In Enderton's Mathematical Logic, in presenting the completeness proof for first-order logic he constructs a maximally consistent set of sentences $\Delta$ and then a structure from this. He writes:
We now make from $\Delta$ a structure $\mathfrak{A}$ for the new language, but with the equality symbol (if any) replaced by a new two-place predicate symbol $E$. $\mathfrak{A}$ will not itself be the structure in which $\Gamma$ will be satisfied but will be a preliminary structure.
He then writes the following after constructing the structure:
If our original language did not include the equality symbol, then we are done. For we need only restrict $\mathfrak{A}$ to the original language to obtain a structure that satisfies every member of $\Gamma$ with the identity function.
But now assume that the equality symbol is in the language. Then $\mathfrak{A}$ will no longer serve.
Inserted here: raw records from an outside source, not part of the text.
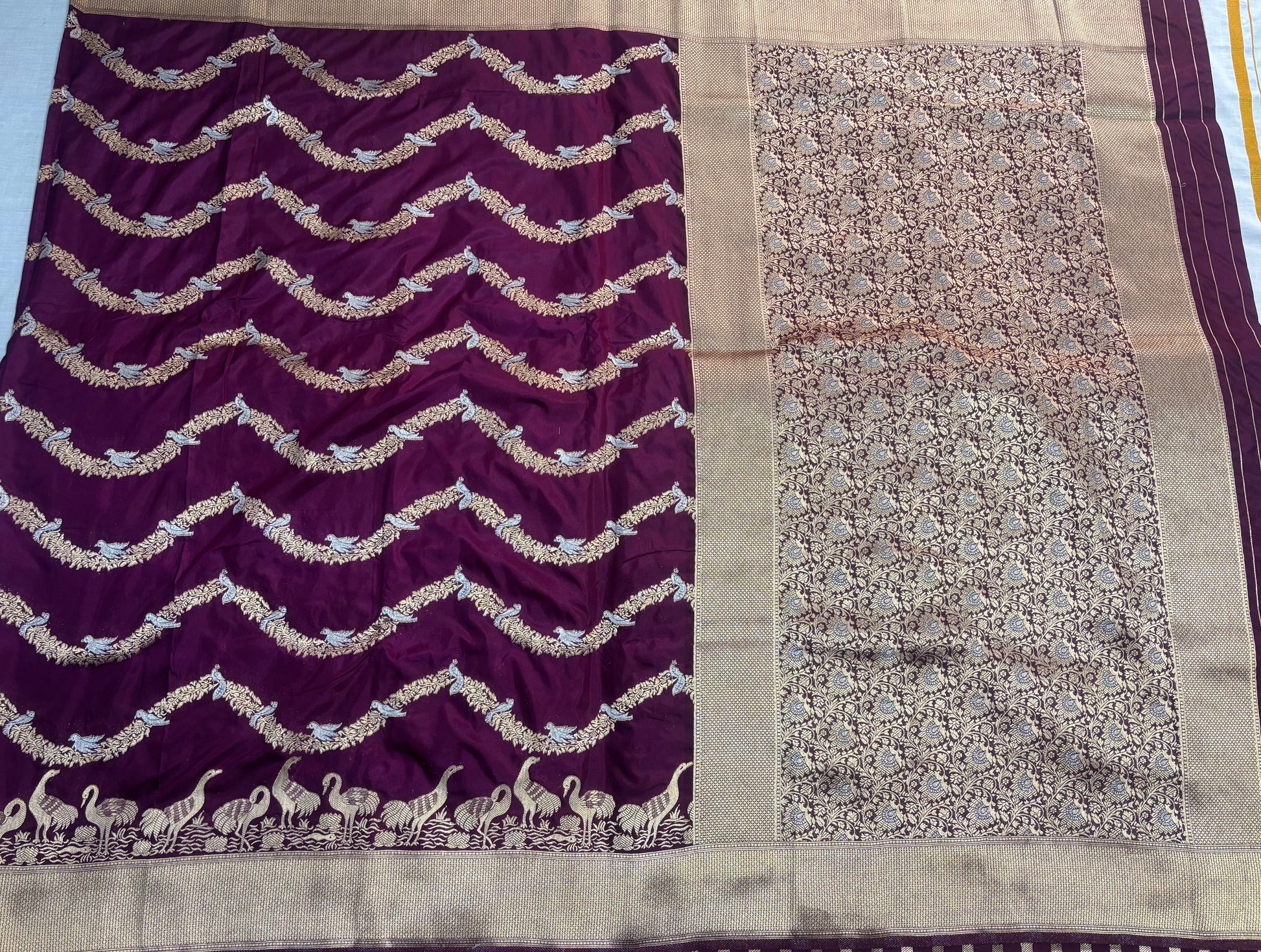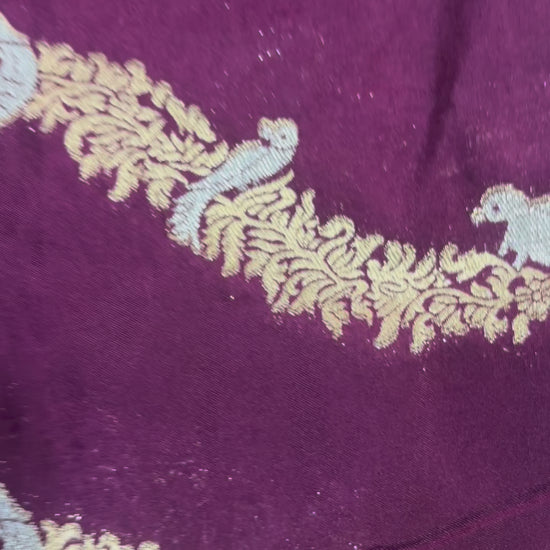 Wine Banarasi Mashru Silk Saree with Gold Wavy lines pattern with Flamingo Motifs Border - Designer Party Wear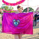 Own the moment with our handmade sequin kimono, crafted with passion and sustainability in our Devon studio. A mid length waterfall shape kimono made from lightweight hot pink sequin fabric with eye and Heart appliqué.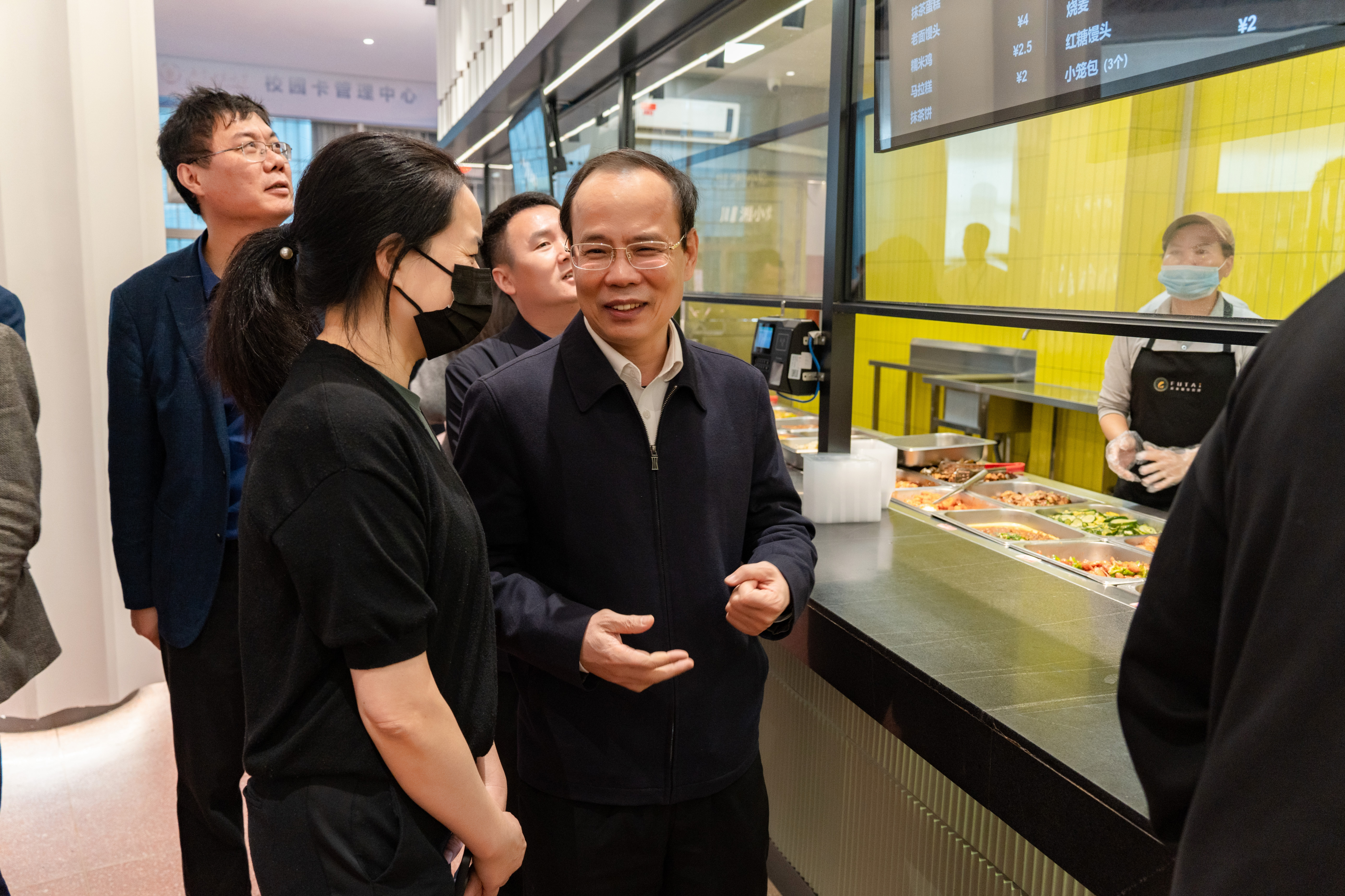 邱学青走进课堂指导教学工作,对教学过程、教学方法、教学效果和教学设施等情况进行全面了解,与任课教师交流,鼓励教师积极探索,不断提高课堂教学效果。在管理学院,邱学青参观了学院广场、门楼、形象墙等特色空间改造情况,调研了MBA、EDP专用课室需求情况,并对实验楼阶梯课室改造工作作出部署。邱学青还先后来到环湖栈道、食堂等地,与师生亲切沟通,关心师生学习工作生活,了解校区建设、后勤保障等最新情况,共谋发展良策。
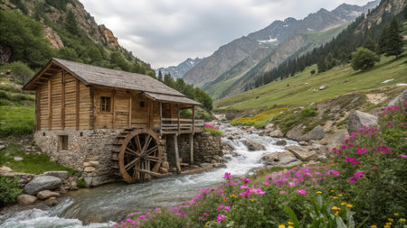 An aged wooden waterwheel is shown, actively turning and channeling water. The scene features a flowing river, bordered by stone and lush greenery. The background displays a mountainous landscape under an overcast sky. This image is suitable for various commercial uses related to nature and technology.

For example, if $\Gamma$ contains the sentence $c=d$ (where $c$ and $d$ are distinct constant symbols), then we need a structure $\mathfrak{B}$ in which $c^{\mathfrak{B}} = d^{\mathfrak{B}}$. We obtain $\mathfrak{B}/E$ as the quotient structure $\mathfrak{A}/E$ of $\mathfrak{A}$ modulo $E$.
Firstly, what is meant by ''a structure that satisfies every member of $\Gamma$ with the identity function?''. I don't really understand what he means by this first quotation.
Secondly, why is a quotient structure chosen, as opposed to some other structure which is not a quotient structure?